NSP GUI is not accessible anymore with the following error "Failure of server APACHE bridge". This is happening when all Weblogic instances become unreachable which can have many causes.

The status of the different instances can be checked through the Weblogic console.

Cause

NSP is receiving a big number of alarms from distant servers. This causes the overload of JMS queues and consequently Weblogic instances hang up.
Check the JMS queues of different Weblogic instances and verify that queues are overloaded. Especially focus on "Messages Pending" column.

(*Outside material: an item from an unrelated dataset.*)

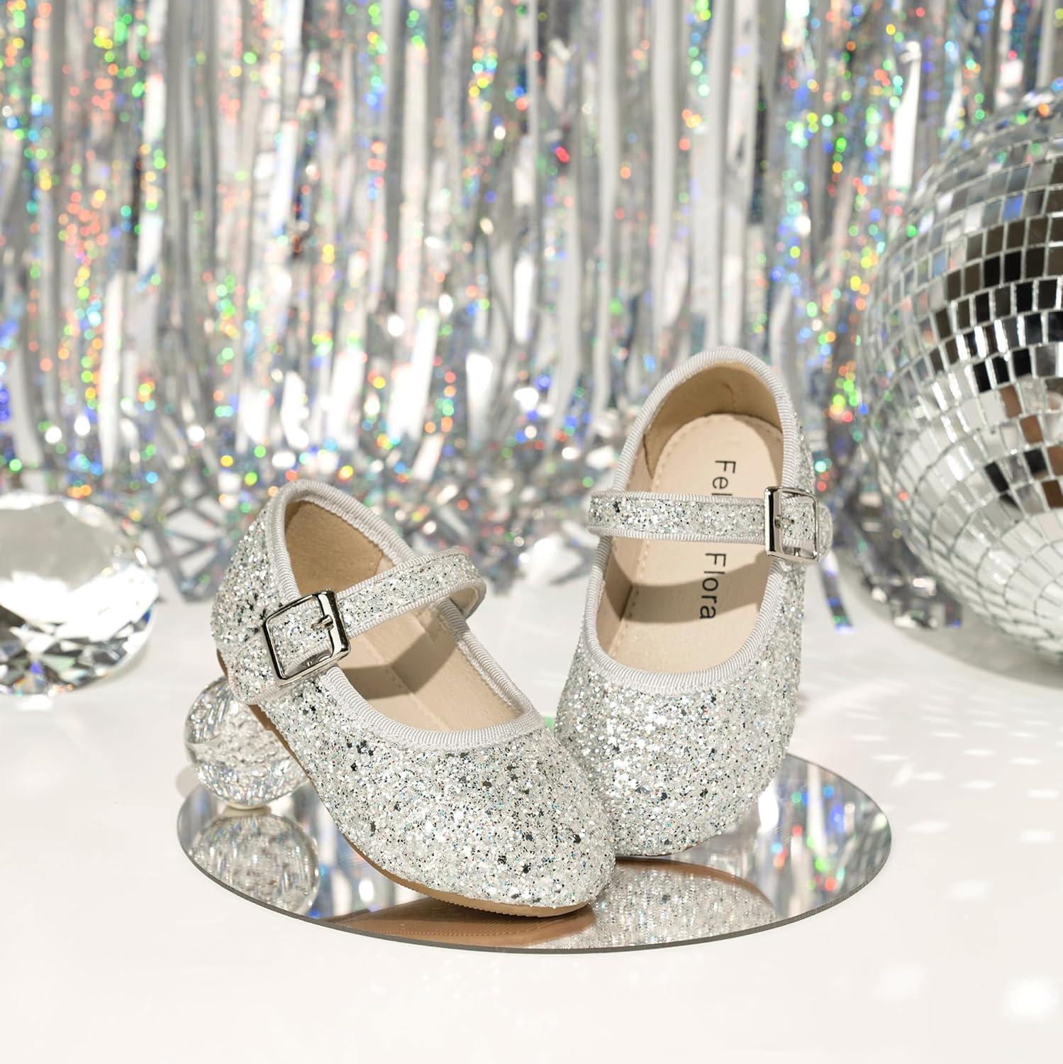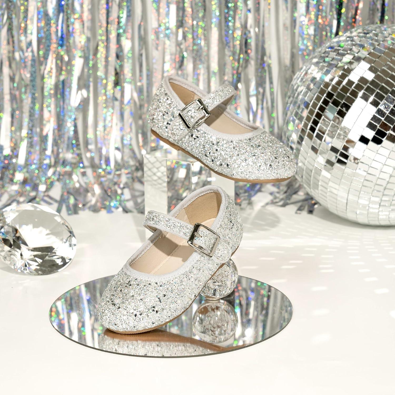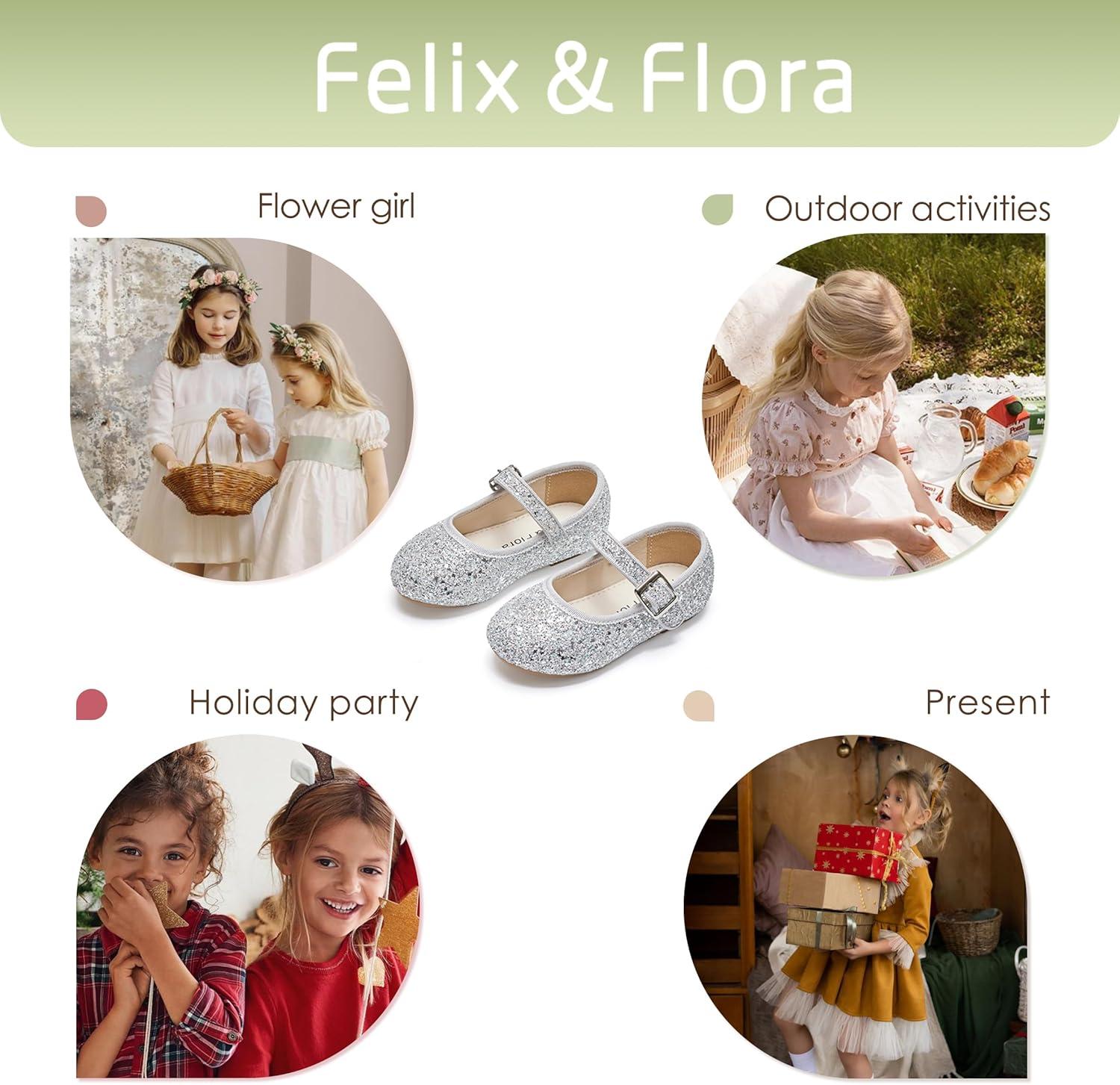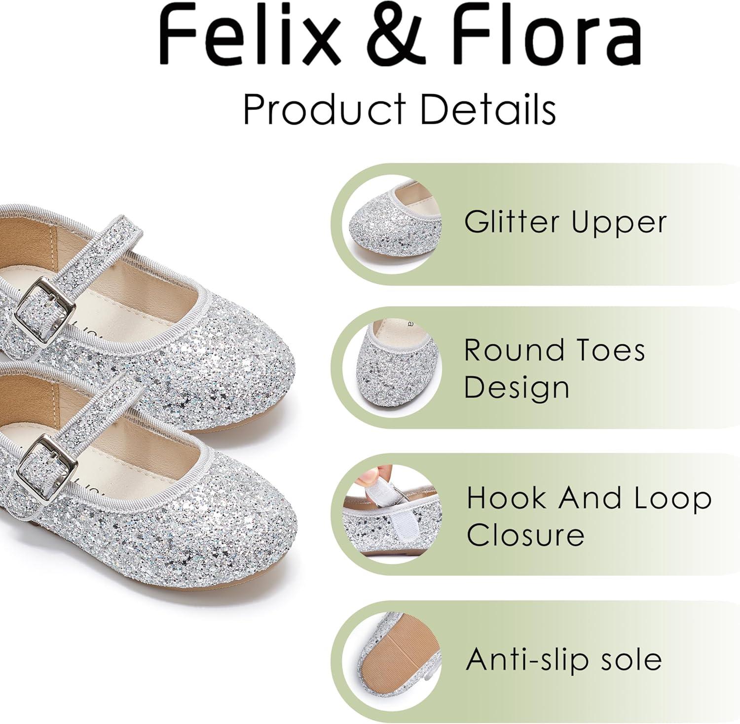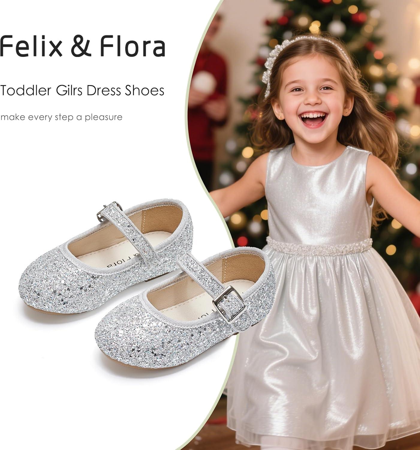 Felix & Flora Toddler Flower Girl Dress Shoes – Girl Ballet Flats Party School Shoes Wedding(Bf20-glitter Silver)
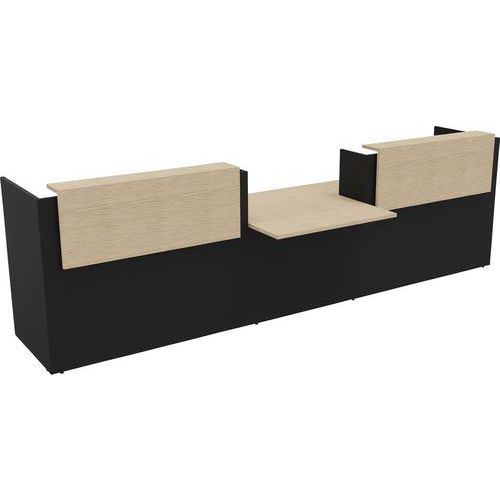De receptiebalie Filia is perfect geschikt voor het ontvangen van mindervaliden. Autonoom of gecombineerd voor een gezellig onthaalpunt. Blad en paneel: Gemelamineerd paneel, dikte 25 mm. Schokbestendige ABS-randen van 2 mm. Voorgesneden plaat voor de doorgang van voedingskabels. Gemelamineerd paneel met een dikte van 38 minuten, in afkortlegbaar op een hoek van 45 ° en als welkomstscherm voor bezoekers.

JMS queues load can be checked from the Weblogic console interface under the folowing menu:
Domain Structure -> tekelec -> Services -> Messaging -> JMS Servers -> NSPJMSServerxa -> Monitoring -> Active Destinations

Solution

Identify the object sending the biggest number of alarms in ProAlarm viewer, all alarms list.

Each alarms with high amount of occurences must be addressed.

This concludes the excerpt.